• _Prompt_
Please print exactly the lines below, from the start of the material up to and including the line with "Colette Ribbed Combo Short Sleeve Top Ivory", but none of the pictures.

== Segment start ==

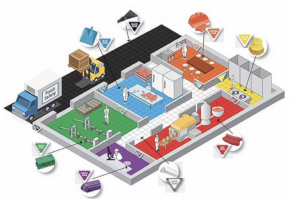 汚染物質、表面、または作業エリアを色分けで識別の図。
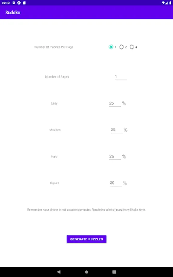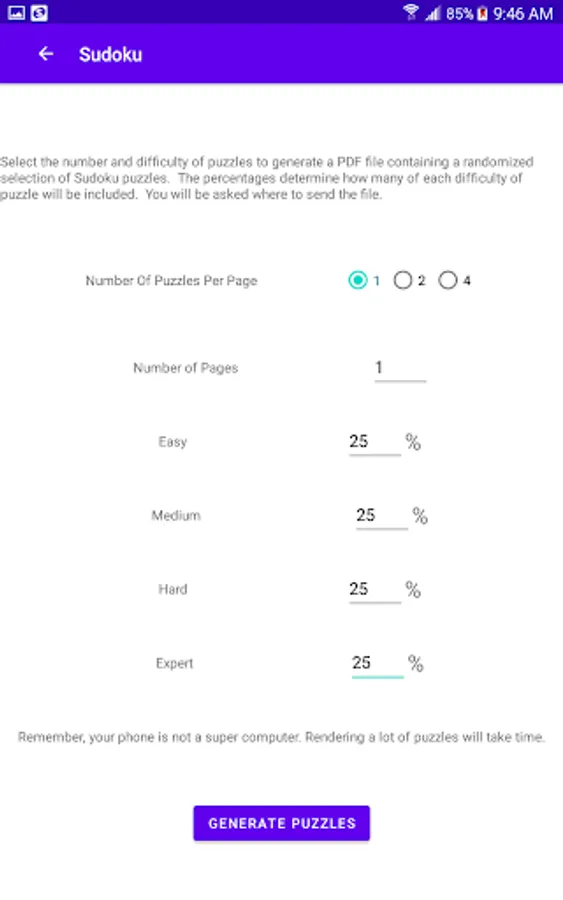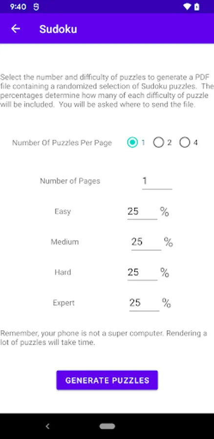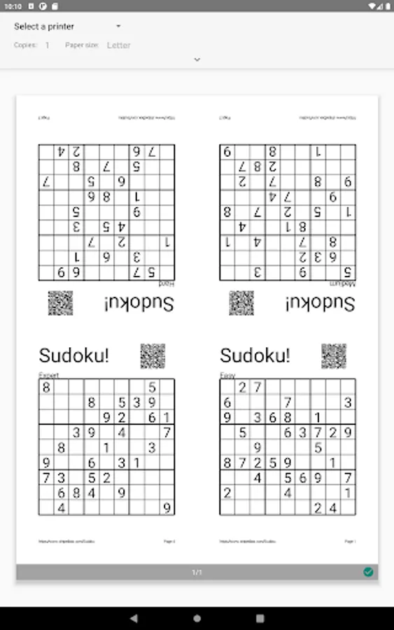 The app also allows you to generate puzzle booklets that can be printed and handed out to your friends and co-workers. Each printed puzzle has a QR code that will allow the same puzzle to be opened in the app where you can check the solution or solve it yourself. You can print single puzzles, two puzzles side-by-side, or four puzzles on a single sheet that can be folded into quarters to create a booklet. You can take the game with you even when electronics aren't available.
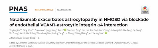 近日,我院闫亚平教授团队在PNAS上发表一项突破性研究成果,首次揭示多发性硬化症(MS)治疗药物那他珠单抗(Natalizumab)加重视神经脊髓炎谱系疾病(NMOSD)的分子机制,为这一罕见且凶险的自身免疫病带来了全新的治疗靶点和策略。该研究题为“Natalizumab exacerbates astrocytopathy in NMOSD via blockade of endothelial VCAM1–astrocytic integrin α4 interaction”,不仅澄清了多年来困扰临床医生的“MS有效药为何加重NMOSD”的悖论,也为靶向星形胶质细胞的精准治疗奠定了关键实验基础。
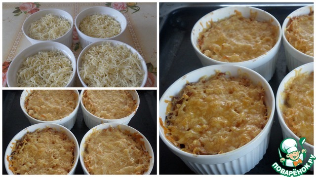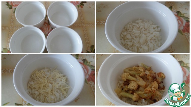 • Формочки смазываем сливочным маслом. На дно формочки кладем рис, затем щепотку натертого сыра, затем - обжаренный лук с цветной капустой.
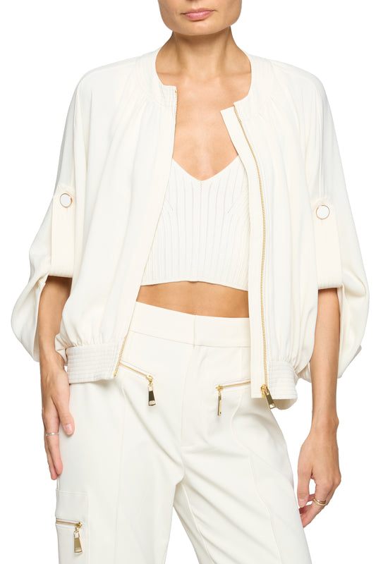 Colette Ribbed Combo Short Sleeve Top Ivory
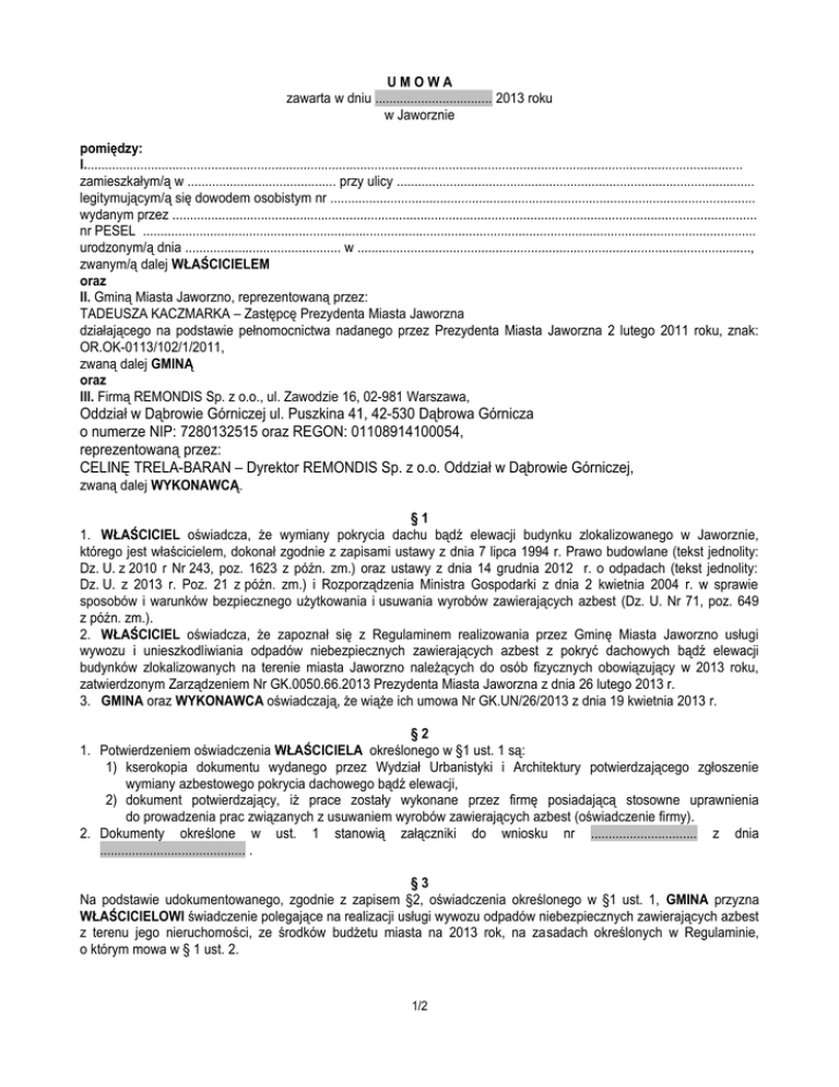 UMOWA zawarta w dniu ................................. 2013 roku w Jaworznie pomiędzy: I.......................................................................................................................................................................................... zamieszkałym/ą w .......................................... przy ulicy ..................................................................................................... legitymującym/ą się dowodem osobistym nr ........................................................................................................................ wydanym przez ..................................................................................................................................................................... nr PESEL ............................................................................................................................................................................. urodzonym/ą dnia ............................................ w ..............................................................................................................., zwanym/ą dalej WŁAŚCICIELEM oraz II. Gminą Miasta Jaworzno, reprezentowaną przez: TADEUSZA KACZMARKA – Zastępcę Prezydenta Miasta Jaworzna działającego na podstawie pełnomocnictwa nadanego przez Prezydenta Miasta Jaworzna 2 lutego 2011 roku, znak: OR.OK-0113/102/1/2011, zwaną dalej GMINĄ oraz III. Firmą REMONDIS Sp. z o.o., ul. Zawodzie 16, 02-981 Warszawa, Oddział w Dąbrowie Górniczej ul. Puszkina 41, 42-530 Dąbrowa Górnicza o numerze NIP: 7280132515 oraz REGON: 01108914100054, reprezentowaną przez: CELINĘ TRELA-BARAN – Dyrektor REMONDIS Sp. z o.o. Oddział w Dąbrowie Górniczej, zwaną dalej WYKONAWCĄ. §1 1. WŁAŚCICIEL oświadcza, że wymiany pokrycia dachu bądź elewacji budynku zlokalizowanego w Jaworznie, którego jest właścicielem, dokonał zgodnie z zapisami ustawy z dnia 7 lipca 1994 r. Prawo budowlane (tekst jednolity: Dz. U. z 2010 r Nr 243, poz. 1623 z późn. zm.) oraz ustawy z dnia 14 grudnia 2012 r. o odpadach (tekst jednolity: Dz. U. z 2013 r. Poz. 21 z późn. zm.) i Rozporządzenia Ministra Gospodarki z dnia 2 kwietnia 2004 r. w sprawie sposobów i warunków bezpiecznego użytkowania i usuwania wyrobów zawierających azbest (Dz. U. Nr 71, poz. 649 z późn. zm.). 2. WŁAŚCICIEL oświadcza, że zapoznał się z Regulaminem realizowania przez Gminę Miasta Jaworzno usługi wywozu i unieszkodliwiania odpadów niebezpiecznych zawierających azbest z pokryć dachowych bądź elewacji budynków zlokalizowanych na terenie miasta Jaworzno należących do osób fizycznych obowiązujący w 2013 roku, zatwierdzonym Zarządzeniem Nr GK.0050.66.2013 Prezydenta Miasta Jaworzna z dnia 26 lutego 2013 r. 3. GMINA oraz WYKONAWCA oświadczają, że wiąże ich umowa Nr GK.UN/26/2013 z dnia 19 kwietnia 2013 r. §2 1. Potwierdzeniem oświadczenia WŁAŚCICIELA określonego w §1 ust. 1 są: 1) kserokopia dokumentu wydanego przez Wydział Urbanistyki i Architektury potwierdzającego zgłoszenie wymiany azbestowego pokrycia dachowego bądź elewacji, 2) dokument potwierdzający, iż prace zostały wykonane przez firmę posiadającą stosowne uprawnienia do prowadzenia prac związanych z usuwaniem wyrobów zawierających azbest (oświadczenie firmy). 2. Dokumenty określone w ust. 1 stanowią załączniki do wniosku nr .............................. z dnia ......................................... . §3 Na podstawie udokumentowanego, zgodnie z zapisem §2, oświadczenia określonego w §1 ust. 1, GMINA przyzna WŁAŚCICIELOWI świadczenie polegające na realizacji usługi wywozu odpadów niebezpiecznych zawierających azbest z terenu jego nieruchomości, ze środków budżetu miasta na 2013 rok, na zasadach określonych w Regulaminie, o którym mowa w § 1 ust. 2. 1/2 §4 Niniejsza umowa jest podstawą finansowania przez GMINĘ kosztów wywozu i unieszkodliwienia odpadów niebezpiecznych zawierających azbest z terenu nieruchomości WŁAŚCICIELA w wysokości 80%, zgodnie ze złożonym wnioskiem oraz podstawą do obciążenia WŁAŚCICIELA 20% wartości usługi. §5 1. Faktura na 20% kosztów usługi określonej w §3 zostanie wystawiona przez WYKONAWCĘ po jej zrealizowaniu. Kwotę wynikającą z faktury WŁAŚCICIEL przeleje na wskazany na niej rachunek WYKONAWCY w terminie 14 dni od daty jej otrzymania. 2. Pozostałe 80% kosztów świadczonej usługi wywozu odpadów niebezpiecznych zawierających azbest z terenu nieruchomości WŁAŚCICIELA ponosi GMINA. §6 Za świadczoną usługę WŁAŚCICIEL zostaje obciążony kwotą, obliczoną w sposób określony szczegółowo w pkt 14 Regulaminu wskazanego w § 1 ust. 2 niniejszej umowy. §7 Dniem zapłaty faktury, o której mowa w §5 ust. 1 jest dzień wpływu środków pieniężnych na rachunek WYKONAWCY. §8 Niezapłacenie faktury, o której mowa w §5 ust. 1 w terminie spowoduje naliczenie odsetek ustawowych za każdy dzień zwłoki. §9 W sprawach nieuregulowanych zapisami niniejszej umowy mają zastosowanie przepisy Kodeksu Cywilnego oraz Regulaminu określonego w § 1 ust. 2. § 10 Umowa została sporządzona w trzech jednobrzmiących egzemplarzach, po jednym egzemplarzu dla każdej ze stron. GMINA WYKONAWCA ................................................ ................................................ - wypełnia Gmina 2/2 WŁAŚCICIEL .................................................
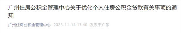 11月14日,广州住房公积金管理中心发布《关于优化个人住房公积金贷款有关事项的通知》。
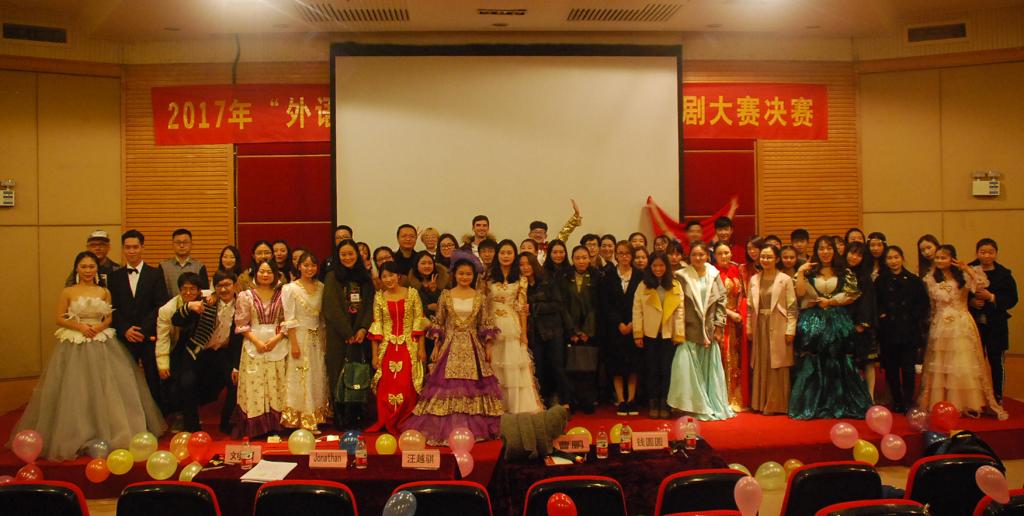 2017年11月30日下午18点30分,外语学院2017-2018学年法语歌曲暨戏剧大赛决赛在南岸校区博智楼7200报告厅成功举行。本次大赛由外语学院分团委学生会主办,法语系主任曹鹏老师、外语学院分团委书记黄志婕老师、法语系教师钱圆圆、汪越琪老师、法语外教Jonathan及紫手工话剧社第22任社长刘留担任评委,大赛由吴昊、戴裕媛同学主持。
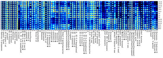 To more intuitively distinguish the patterns in VOCs in different oysters under high-temperature conditions, the Callery plot plugin for the laboratory analytical viewer (LAV) software was used to generate the fingerprints, as shown in Figure 6. Each horizontal row represents all of the volatile flavor substances in each sample, and each vertical column represents the content of the same VOCs in different samples. The colors of the dots represent the contents of the compounds. The redder the color, the higher the content.
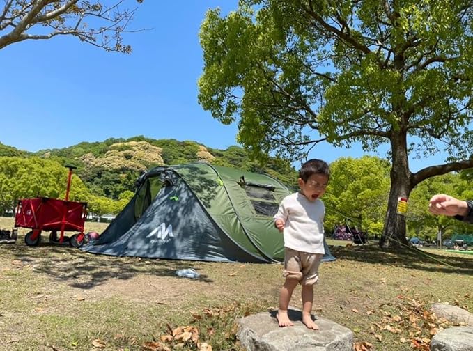 ✅【 投げるだけ で 組み立て可能 】 ▶︎組み立て済みポールを使用しているので、テントを投げるだけで簡単組み立て ▶︎30秒で形が出来上がります。 ▶︎女性一人でも組み立て・撤収可能 ✅【 9ステップで撤収可能 】▶︎わずか9ステップで撤収可能 ▶︎撤収にかかる時間は2分半 わかりやすい “組み立て動画” と “撤収動画” があるから “初心者” でも安心 ✅【 圧倒的な広さ 】 ▶︎ポップアップテントの常識を超える広さ ▶︎家族全員が寝れる ▶︎縦260cm x 横380cm x 高さ130cm ▶︎最大6人収納、快適性を重視すると4人までが過ごしやすいです。 ✅【 便利な前室つき 】▶︎汚れた靴や荷物を置くのに便利 ▶︎前室のグランドシートは取り外し可能 ▶︎前室で簡単な調理もできます。 ☂️【 水の侵入を防ぐ 】▶︎最大耐水圧3,000mm ▶︎雨量の目安 小雨:500mm、中雨:2,000mm .

== Segment end ==

• _Reply_
 汚染物質、表面、または作業エリアを色分けで識別の図。
 The app also allows you to generate puzzle booklets that can be printed and handed out to your friends and co-workers. Each printed puzzle has a QR code that will allow the same puzzle to be opened in the app where you can check the solution or solve it yourself. You can print single puzzles, two puzzles side-by-side, or four puzzles on a single sheet that can be folded into quarters to create a booklet. You can take the game with you even when electronics aren't available.
 近日,我院闫亚平教授团队在PNAS上发表一项突破性研究成果,首次揭示多发性硬化症(MS)治疗药物那他珠单抗(Natalizumab)加重视神经脊髓炎谱系疾病(NMOSD)的分子机制,为这一罕见且凶险的自身免疫病带来了全新的治疗靶点和策略。该研究题为“Natalizumab exacerbates astrocytopathy in NMOSD via blockade of endothelial VCAM1–astrocytic integrin α4 interaction”,不仅澄清了多年来困扰临床医生的“MS有效药为何加重NMOSD”的悖论,也为靶向星形胶质细胞的精准治疗奠定了关键实验基础。
 • Формочки смазываем сливочным маслом. На дно формочки кладем рис, затем щепотку натертого сыра, затем - обжаренный лук с цветной капустой.
 Colette Ribbed Combo Short Sleeve Top Ivory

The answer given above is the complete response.